Johnson of course had his own team of electronic engineers back at the Skunk Works. Headed up by Luther Duncan “LD” MacDonald, the team also included Perry Reedy and physicist Ed Lovick. Ed recalls, “Kelly thought that an aircraft made of plastic materials might have sufficiently small low‑frequency radar backscatter to defeat the 70 MHz early warning radars. I warned him that it would not and that you’d see the internal structure, the square corners it formed and the fuel. But Kelly wanted to test it anyway. Despite the fact that it was known that practical fiberglass structure would be dense enough to scatter 4in S‑band radar waves, he still hoped that an all‑plastic airframe might not backscatter 14ft wavelengths significantly.
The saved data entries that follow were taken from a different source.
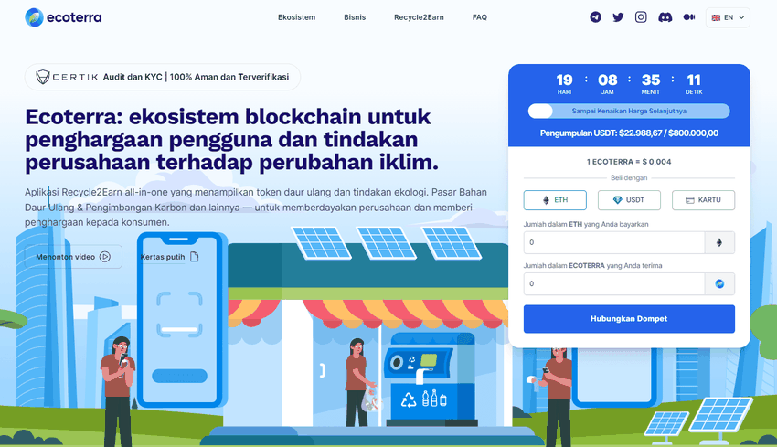Proyek ramah lingkungan yang bertujuan mengubah sektor daur ulang. Melalui program Recycle2Earn (R2E), pengguna dapat mendaur ulang sampah di platform Ecoterra dan mendapatkan imbalan dalam token ECOTERRA.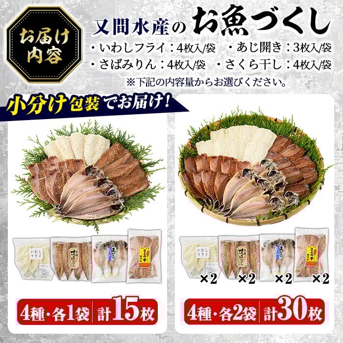地域の生産者応援の品 <農林水産大臣賞受賞工場>刺身で食べられるほど新鮮な魚を干物やフライに!訳あり <内容量が選べる!>訳あり!又間水産のお魚づくし(4種・計15~30枚) 国産 ひもの 魚介 小分け 個包装 詰め合わせ 干物セット みりん干し アジ あじ 開き 鯵 サバ さば 鯖 鰯 いわし イワシ フライ おかず おつまみ【又間水産】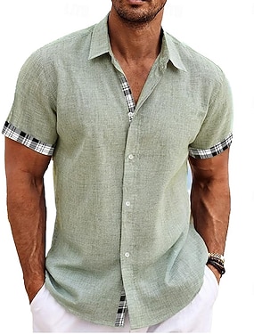 Per uomo camicia di lino Camicia da spiaggia Scozzese a quadri Esterno Informale Rosa Verde Manica corta Colletto alla coreana Estate Primavera Abbigliamento Stampa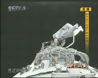 圖:神舟七號航天員翟志剛成功出艙(3)

Engine, landing gear parts, and any other metallic items were to be hidden by an, at that time, unspecified means:

Several all‑fiberglass models that incorporated appropriate internal plastic structures were built and tested. One model was a one‑eighth scale and was too large for indoor testing, so it was tested at Indian Springs AFB.

Backscattering measurements showed that the thick plastic sections required for strength, and especially corners, were very reflective. When kerosene fuel was added to the interior of the wings, the reflections increased and became characteristic of a solid piece of plastic. When the fuel in partially filled tanks was vibrated and standing waves occurred, the backscatter increased even more.

After attempts to hide the structure, fuel and simulated engines yielded poor results, Kelly agreed to abandon that idea.

 

Lockheed Skunk Works boss, Clarence L. “Kelly” Johnson, was the powerhouse behind such designs as the F‑104 Starfighter, U‑2, A‑12, and SR‑71. (Lockheed Martin)

 

More gloomy news followed in January 1958 when two intelligence assessments of Soviet interception capabilities had been compiled. They indicated that the only areas where the U‑2 could fly without certain detection were central Siberia and east of Tashkent to China. Two new types of radar had been detected; in addition, it was considered likely that limited numbers of a specially designed fighter, having the ability to operate above 70,000ft, would soon be available and that SAMs were expected to become a serious threat to Aquatone from 1959 onward. The pressure was now on to rapidly develop and deploy not a stealthy U‑2, but a U‑2 replacement.

January 1958 saw “the Agency” (CIA) assign the cryptonym Gusto to phase two of Rainbow; and at the end of the month, Johnson wrote to Bissell proposing a four‑point work statement for Gusto which was approved on February 11. It was also at about this time that Lockheed built their first anechoic chamber in which to measure the RCS of various design models.

Johnson and some of the key members of his team, including Dick Boehme, Ed Baldwin, and Harry Combs, now began working on a number of high‑risk subsonic designs – low RCS being their top priority. They would formulate a shape with minimum RCS values and then work on ways to make it fly within the specified performance envelope. This series of designs were known to the Agency as Gusto Model 2, and over the following months Lockheed studied numerous design permutations under this overarching codename. One rejected design featured cutting notches out of the leading and trailing edge of the wing and inserting triangular wedges of graded dielectric material. This technique, called “softening,” avoided generating an abrupt change in resistance of the incoming radar beam when it first met the aircraft (it is these abrupt changes that generate reflections). Utilizing this technique, when the incident beam strikes the baseline of the triangle (located at the outer edge of the aircraft), it is reflected inside the wedge, generating electrical currents that turn the radio frequency energy into heat. The resistance progressively reduces to zero by the time the energy reaches the tip of the triangular wedge, at which point it matches that of the adjacent metal structure. Invented by Ed Lovick, the technique would play an important role in reducing the RCS of Johnson’s ultimate design.

 

A‑12

During the missions over North Vietnam, the bogus five‑digit red serial number was the only detail applied to the overall black paint scheme.